Alec Wallace

Personal information
- Full name: Alexander Wallace
- Date of birth: 1872
- Place of birth: Darwen, England
- Date of death: 1950 (aged 77–78)
- Place of death: Bolton, England
- Position(s): Outside left

Senior career*
- Years: Team / Apps / (Gls)
- –: Blackpool
- 1894: Ardwick / 6 / (1)
- 1894: Baltimore Orioles
- 1897–1898: Small Heath / 2 / (1)
- 1898–1???: Hereford Thistle

= Alec Wallace =

English footballer

Alexander Wallace (1872–1950) was an English professional footballer who played in the Football League for Ardwick and Small Heath. He played as an outside left.

==Career==
Wallace was born in Darwen, Lancashire. He played for Blackpool before making his Football League debut for Ardwick in the 1893–94 season. In 1894 he, together with teammates Mitchell Calvey, Archibald Ferguson and Tommy Little, left Ardwick, by then renamed Manchester City, to play for Baltimore Orioles F.C. in the newly formed American League of Professional Football. Most of the teams in the league, formed by owners of the National Baseball League in competition with the American Football Association, featured coaches, if not players, from their associated baseball team. Baltimore Orioles brought in a soccer coach, A.W. Stewart, whose team of imported professionals won their opening games comprehensively, thus upsetting the other owners. The U.S. government threatened to investigate the use of foreign professionals, and in face of this threat and the owners' reluctance to subsidise poorly attended matches, the league soon folded.

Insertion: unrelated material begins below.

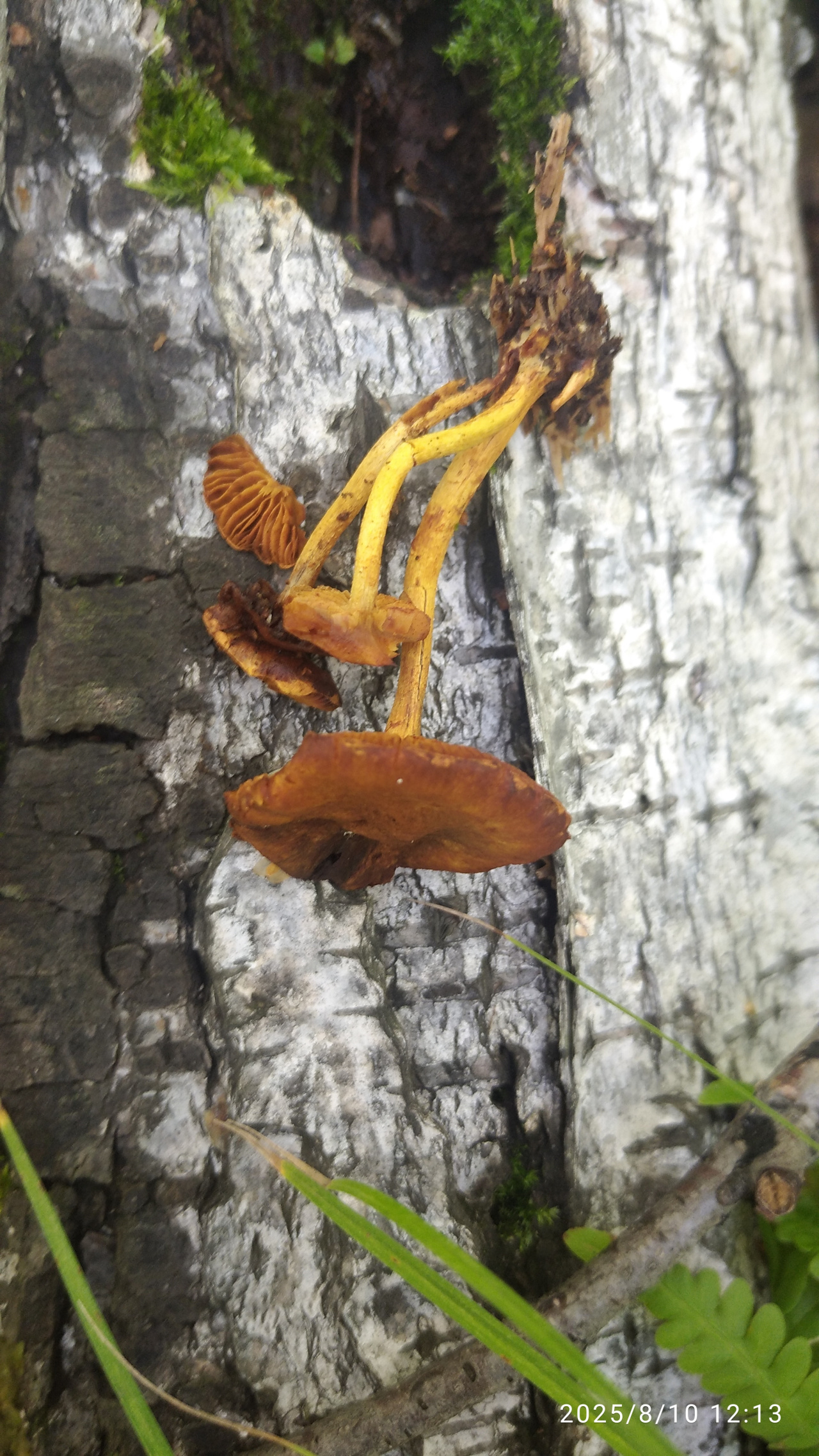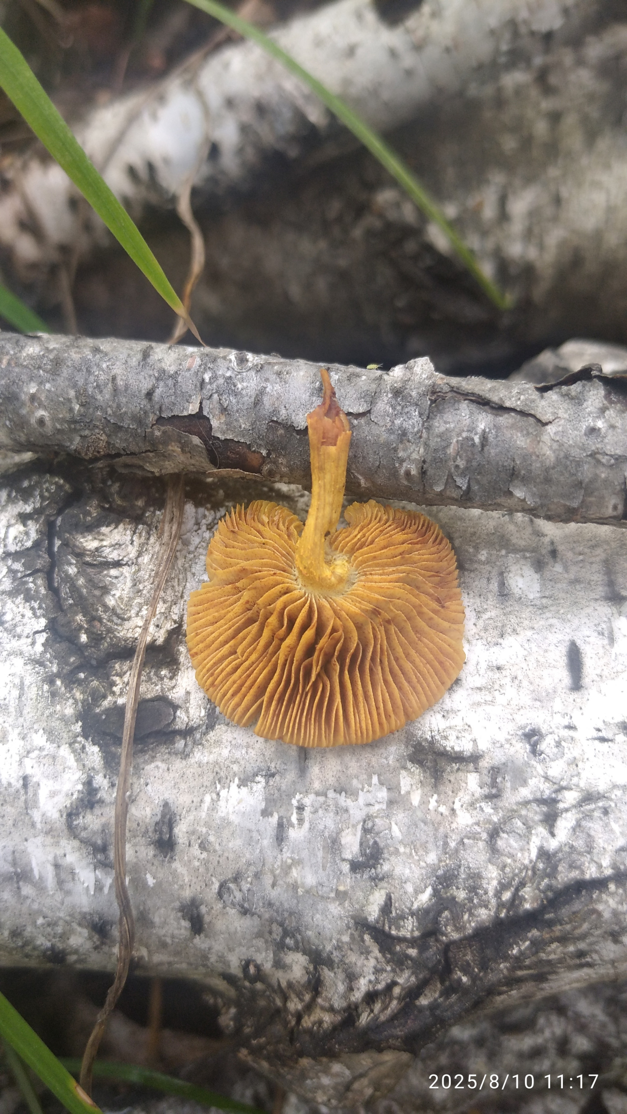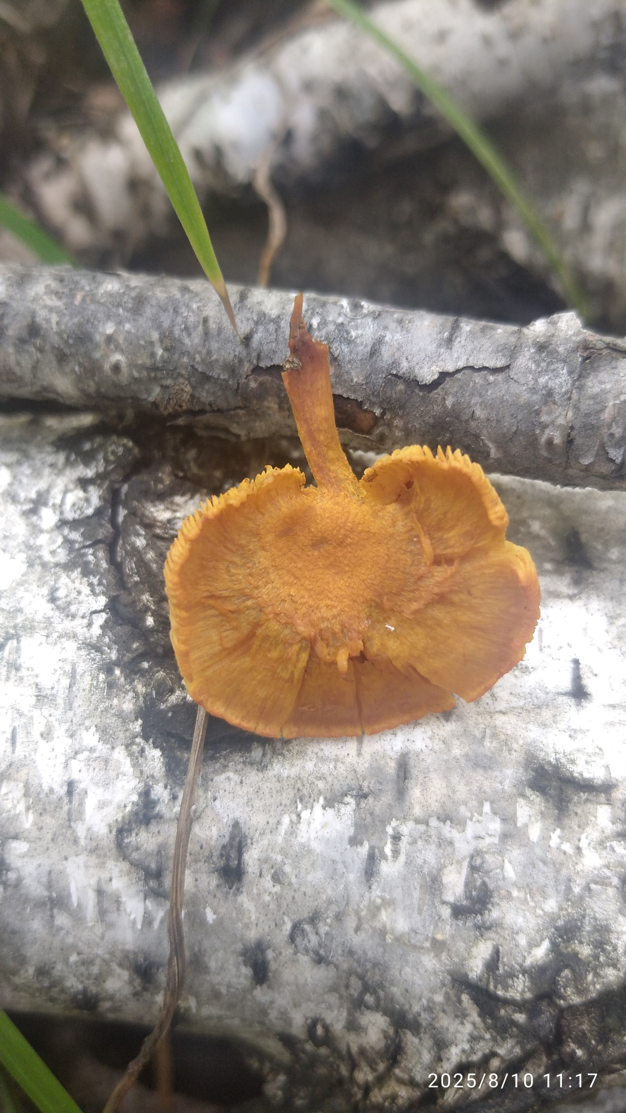 Описание гриба: Иркутск, лев. бер. р. Ангара, Академгородок, смешанный лес, на березовом пне. Шляпка 3 — 3.5 см диам., на поверхности (ближе к центру) шероховатая от мелких, оттопыренных «чешуек». Ножка тонкая. Собран по-одиночке, но явно, растет группками. Для гимнопила уж очень субтильный и растет на древесине лиственных пород; на тубарию тоже не дотягивает… Коллеги, как считаете, что за гриб? Я собрал гербарные образцы. Могу микроскопировать пластинки на предмет спор, цистит/базидий и проч., что потребуется для определения.

On the players' return to England, Little was forgiven by his former employers and restored to Manchester City's team. Wallace, on the other hand, was unable to find another footballing employment until he signed for Small Heath in 1897. He played only twice in the league for Small Heath: his "three years of inactivity showed", and after a few months he dropped into non-league football with Hereford Thistle.

Wallace died in Bolton, Lancashire, in 1950, aged about 78.